ACTIVITY
Each record that follows is to be reproduced character for character, pictures excepted.

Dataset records
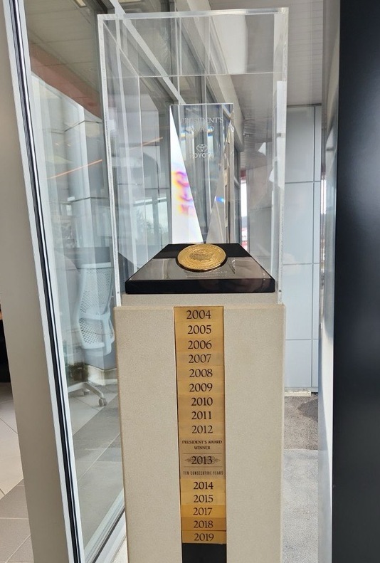 Toyota dealerships strive to match the quality of our products with the finest service in the industry. In order to qualify as a President’s Award winner, dealerships must excel in each of a series of categories, including customer sales satisfaction and customer service satisfaction. Dealerships which meet the requirements in all categories receive name badge recognition at all dealer events, national recognition in Automotive News and, of course, the beautiful President’s Award Tiffany crystal trophy. Visit us and experience what award winning service can mean to you!
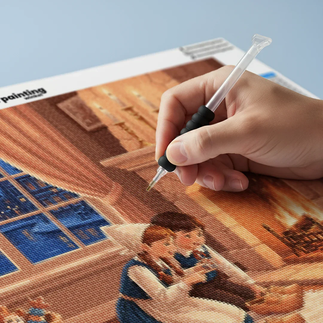 Nuestros kits de Diamond Painting son muy fáciles de usar, así que puedes comenzar a crear desde el primer momento. Antes de empezar a pintar, asegúrate de que el lienzo esté plano y sin arrugas. Alisar el lienzo facilita la colocación de las piedras y la aplicación precisa de los colores. El resto es simple: pon algo de música, enciende una serie, y ¡a pintar! Se recomienda completar primero todos los cuadros de un color antes de pasar al siguiente. Esto te permitirá no tener que limpiar el aplicador tan a menudo y lograr los mejores resultados. Una vez terminada tu pintura, déjala secar al menos un día para evitar manchas y obtener el mejor resultado. Una vez seca, puedes colgarla donde desees.
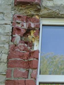 Який же то «жук» побив стіну? Так ретельно, що сама цегла розшаровується.
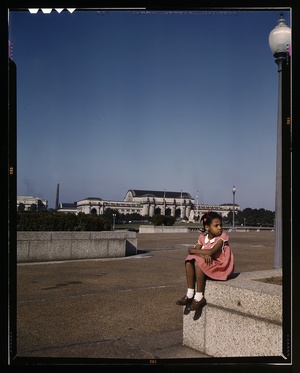 Little girl in a park with Union Station in the background, Washington, D.C.
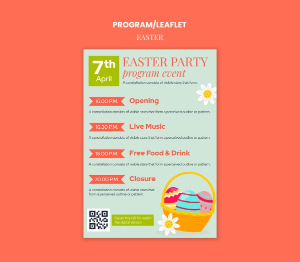 复活节派对活动时间表PSD素材适用于复活节派对活动使劲儿
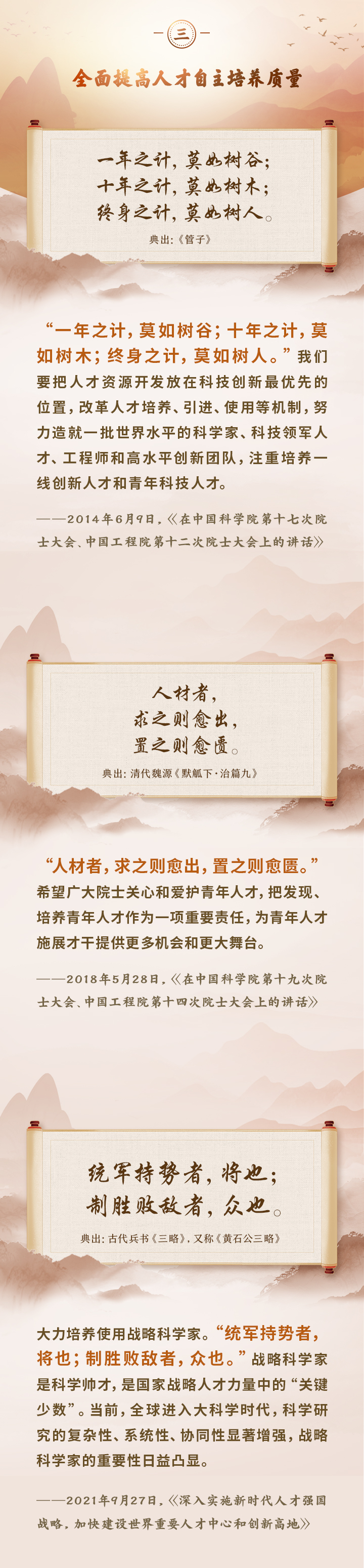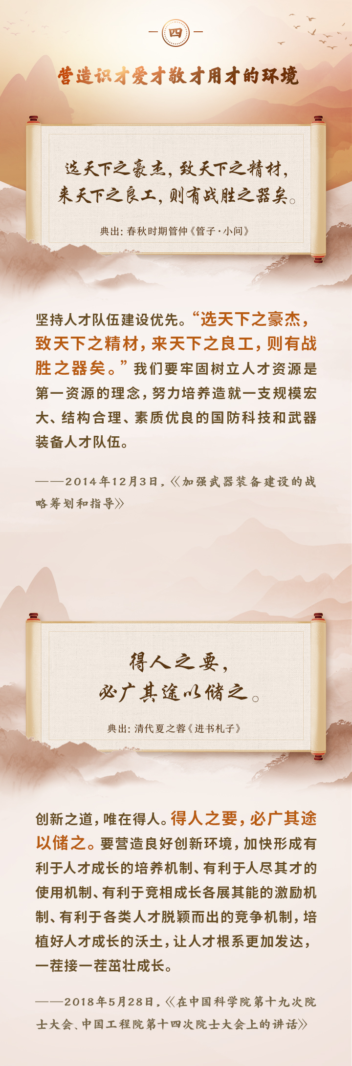 编者按:培养造就大批德才兼备的高素质人才,是国家和民族长远发展大计。党的十八大以来,习近平总书记围绕人才工作发表一系列重要论述,立意高远,内涵丰富,思想深刻,深刻回答了为什么建设人才强国、什么是人才强国、怎样建设人才强国的重大理论和实践问题。在这些重要论述中,总书记精妙运用古代典籍、经典名句,以古喻今、启迪思想、激荡精神,让我们一起来学习!
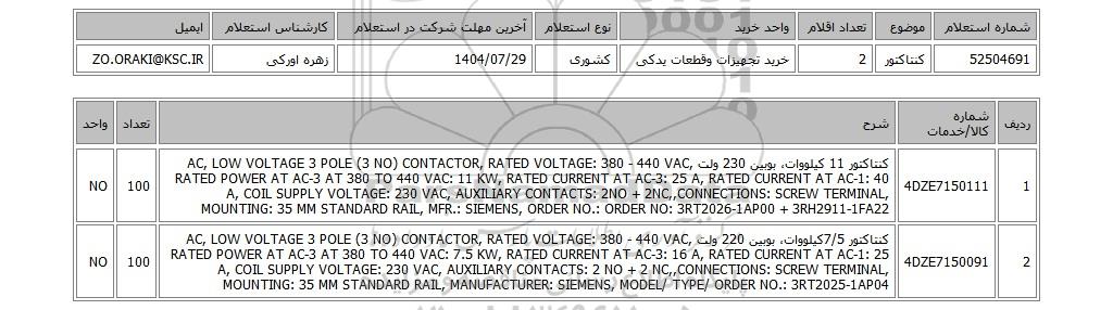 | 52504691 | کنتاکتور | 2 | خرید تجهیزات وقطعات یدکی | کشوری | 1404/07/29 | زهره اورکی | ZO.ORAKI@KSC.IR |

TASK OUTPUT
 Toyota dealerships strive to match the quality of our products with the finest service in the industry. In order to qualify as a President’s Award winner, dealerships must excel in each of a series of categories, including customer sales satisfaction and customer service satisfaction. Dealerships which meet the requirements in all categories receive name badge recognition at all dealer events, national recognition in Automotive News and, of course, the beautiful President’s Award Tiffany crystal trophy. Visit us and experience what award winning service can mean to you!
 Nuestros kits de Diamond Painting son muy fáciles de usar, así que puedes comenzar a crear desde el primer momento. Antes de empezar a pintar, asegúrate de que el lienzo esté plano y sin arrugas. Alisar el lienzo facilita la colocación de las piedras y la aplicación precisa de los colores. El resto es simple: pon algo de música, enciende una serie, y ¡a pintar! Se recomienda completar primero todos los cuadros de un color antes de pasar al siguiente. Esto te permitirá no tener que limpiar el aplicador tan a menudo y lograr los mejores resultados. Una vez terminada tu pintura, déjala secar al menos un día para evitar manchas y obtener el mejor resultado. Una vez seca, puedes colgarla donde desees.
 Який же то «жук» побив стіну? Так ретельно, що сама цегла розшаровується.
 Little girl in a park with Union Station in the background, Washington, D.C.
 复活节派对活动时间表PSD素材适用于复活节派对活动使劲儿
 编者按:培养造就大批德才兼备的高素质人才,是国家和民族长远发展大计。党的十八大以来,习近平总书记围绕人才工作发表一系列重要论述,立意高远,内涵丰富,思想深刻,深刻回答了为什么建设人才强国、什么是人才强国、怎样建设人才强国的重大理论和实践问题。在这些重要论述中,总书记精妙运用古代典籍、经典名句,以古喻今、启迪思想、激荡精神,让我们一起来学习!
 | 52504691 | کنتاکتور | 2 | خرید تجهیزات وقطعات یدکی | کشوری | 1404/07/29 | زهره اورکی | ZO.ORAKI@KSC.IR |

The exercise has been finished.